Your assignment
Nothing but an exact copy is asked for: the lines in the material below from the one with "大きなスクエアバックルを飾ったエレガントな雰囲気のフラットシューズ。" through the one with "Mix crab sticks, grated", pictures excluded.

Exercise data
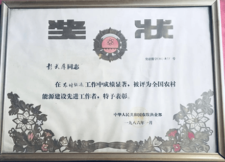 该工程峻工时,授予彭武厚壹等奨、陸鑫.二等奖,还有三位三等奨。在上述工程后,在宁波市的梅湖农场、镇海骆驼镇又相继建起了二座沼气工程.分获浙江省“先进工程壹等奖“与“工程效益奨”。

...

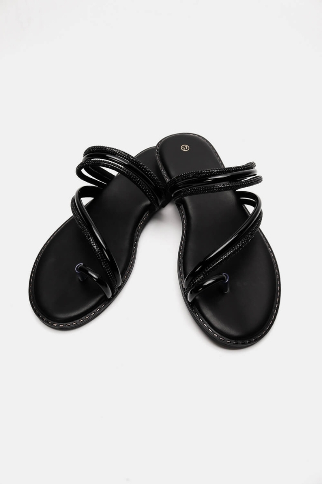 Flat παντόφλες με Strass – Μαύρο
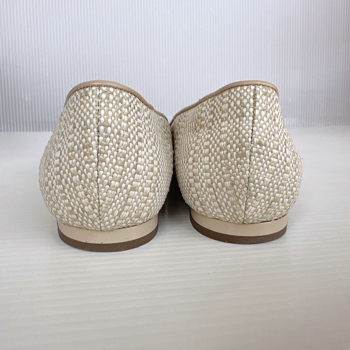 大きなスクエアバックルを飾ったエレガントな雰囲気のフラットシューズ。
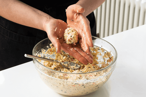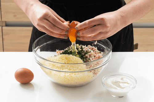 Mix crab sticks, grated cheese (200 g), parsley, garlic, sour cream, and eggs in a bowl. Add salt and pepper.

...

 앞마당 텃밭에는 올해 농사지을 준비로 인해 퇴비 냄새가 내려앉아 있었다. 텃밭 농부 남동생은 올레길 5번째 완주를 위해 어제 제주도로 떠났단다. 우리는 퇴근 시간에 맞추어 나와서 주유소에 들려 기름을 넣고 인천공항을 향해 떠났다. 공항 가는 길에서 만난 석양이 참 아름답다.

Expected answer
 大きなスクエアバックルを飾ったエレガントな雰囲気のフラットシューズ。
 Mix crab sticks, grated cheese (200 g), parsley, garlic, sour cream, and eggs in a bowl. Add salt and pepper.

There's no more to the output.